La croissance du secteur sera plus faible


In fine, le conflit devrait être négatif pour le secteur et, selon les prévisions de LVMH révélées lors de la publication de ses ventes le 13 avril, coûter 1% de croissance en 2026. La clientèle du Moyen-Orient représente en effet 6 à 8% des ventes des sociétés de luxe (incluant les magasins locaux, notamment à Dubaï, et les achats des voyageurs moyen-orientaux dans des boutiques en Europe). De plus, il existe un impact indirect provenant de la réduction du pouvoir d’achat de la clientèle dite « aspirationnelle ». Cette dernière est incarnée par des personnes de la classe moyenne à aisée qui, sensibles à la conjoncture et aux prix de l’énergie, achètent de manière non régulière des articles de luxe. Cette clientèle représente plus de la moitié des ventes du secteur. Le reste des ventes de produits de luxe est le fait de clients fortunés, plus résilients financièrement. Au total, nous prévoyons que la croissance du secteur sera plus faible que prévu en 2026, seuls les États-Unis affichant une amélioration des tendances par rapport à 2025, tandis que les ventes de luxe dans d’autres régions devraient connaître un premier semestre plus faible. Les nouvelles prévisions à fin avril sont une croissance des ventes ramenée entre +3% et +4% pour 2026. Les moteurs de croissance sous-jacents restent, à ce stade, inchangés, sur la base du scénario d’un conflit qui ne s’éternisera pas, et donc d’un impact limité dans le temps sur le cours du pétrole et l’inflation. Ces moteurs sont, entre autres, la hausse des revenus et de la fortune des clients très aisés (effet de richesse), de nouveaux créateurs et des collections rajeunies permettant de raviver l’engagement des consommateurs, une reprise de la consommation chinoise, et une stabilisation de l’euro. Dans l’ensemble, nous tablons donc sur une croissance des ventes de +3% à +4% en 2026, et un rebond post-conflit de +6% à +7% en 2027. Le marché financier anticipe déjà en grande partie ce ralentissement en 2026 après les chutes des actions par secteur au premier trimestre, en moyenne de -8% du début 2026 à la mi-avril, soit une performance inférieure à celle de l’indice européen Stoxx 600, lequel était en hausse sur la même période.

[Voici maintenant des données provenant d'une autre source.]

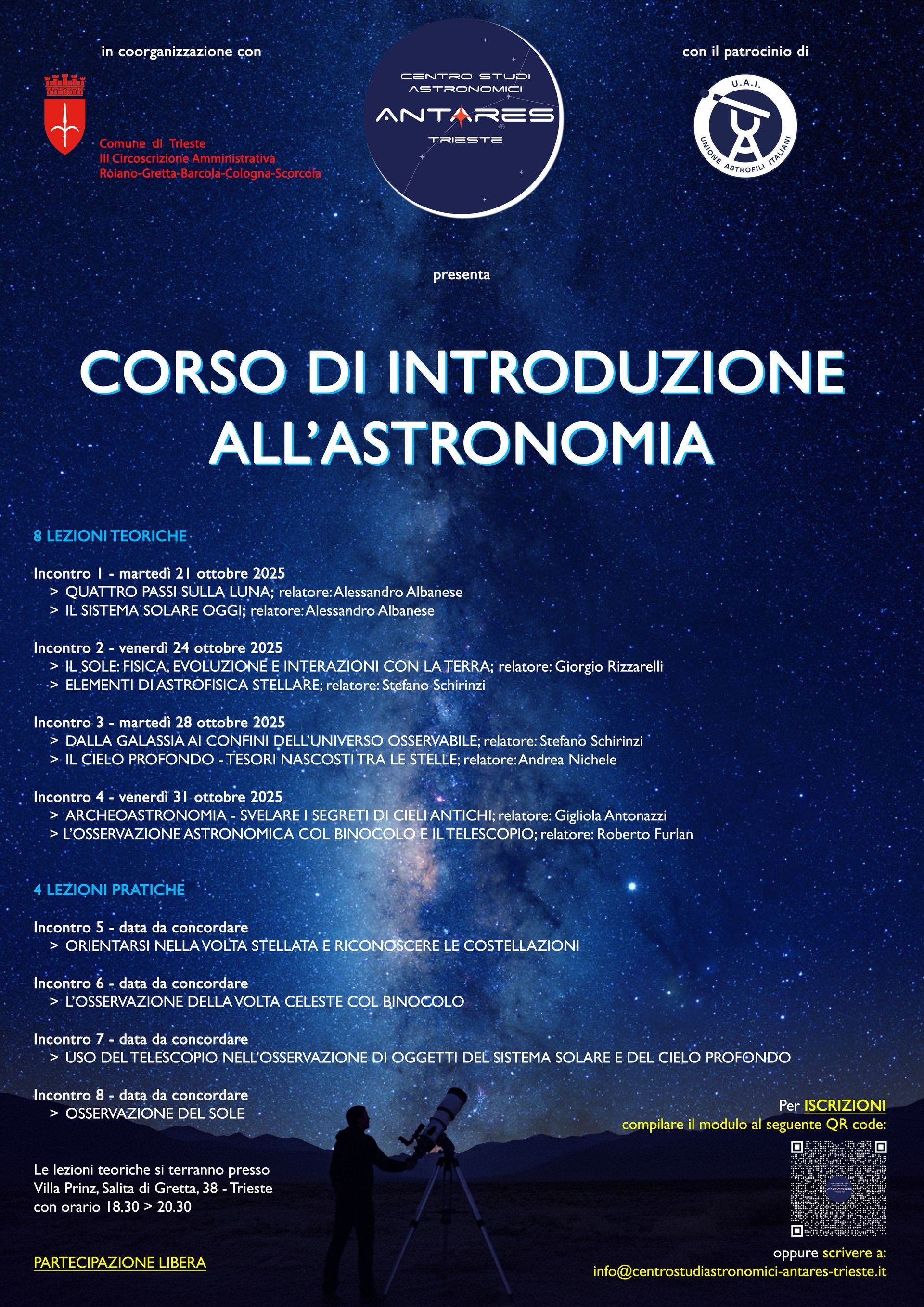 Per gli appassionati di astronomia a Trieste e dintorni che cercano di approfondire la propria curiosità nel vasto campo dell'astronomia con il pieno supporto di un team di astronomi ed esperti del settore, il Centro Studi Astronomici Antares Trieste offre l'opportunità di esplorare il Cosmo attraverso il nuovo "CORSO DI INTRODUZIONE ALL’ASTRONOMIA": un viaggio stellare completo, intensivo e totalmente gratuito, in partenza Martedì 21 ottobre 2025!

Cette chute a ramené les valorisations au point bas de leur fourchette sur dix ans, avec un ratio cours-bénéfice estimé à douze mois, proche de vingt.

Comment se positionner ?

Dans ce contexte incertain à court terme mais positif à moyen et long terme, comment les investisseurs devraient-ils se positionner? Comme toujours en période d’incertitude, le luxe devrait se montrer plus résilient, car les clients fortunés sont moins impactés par la hausse des prix de l’énergie que la moyenne des gens. De ce fait, les investisseurs devraient se positionner sur les marques ayant une exposition à la clientèle très aisée tant que les incertitudes géopolitiques dureront, alors que les marques attirant les clients aspirationnels devraient connaître un rebond plus marqué une fois la désescalade enclenchée.

À plus long terme, les cours actuels des sociétés de luxe offrent des points d’entrée intéressants, car nous estimons que les catalyseurs de croissance séculaire du luxe restent de mise: enrichissement de la population, naissance d’une classe moyenne supérieure dans les marchés émergents, diversification de l’offre vers de nouveaux produits (cosmétique, décoration, vin, optique…) et repositionnement des marques sur l’expérience plutôt que sur le seul produit.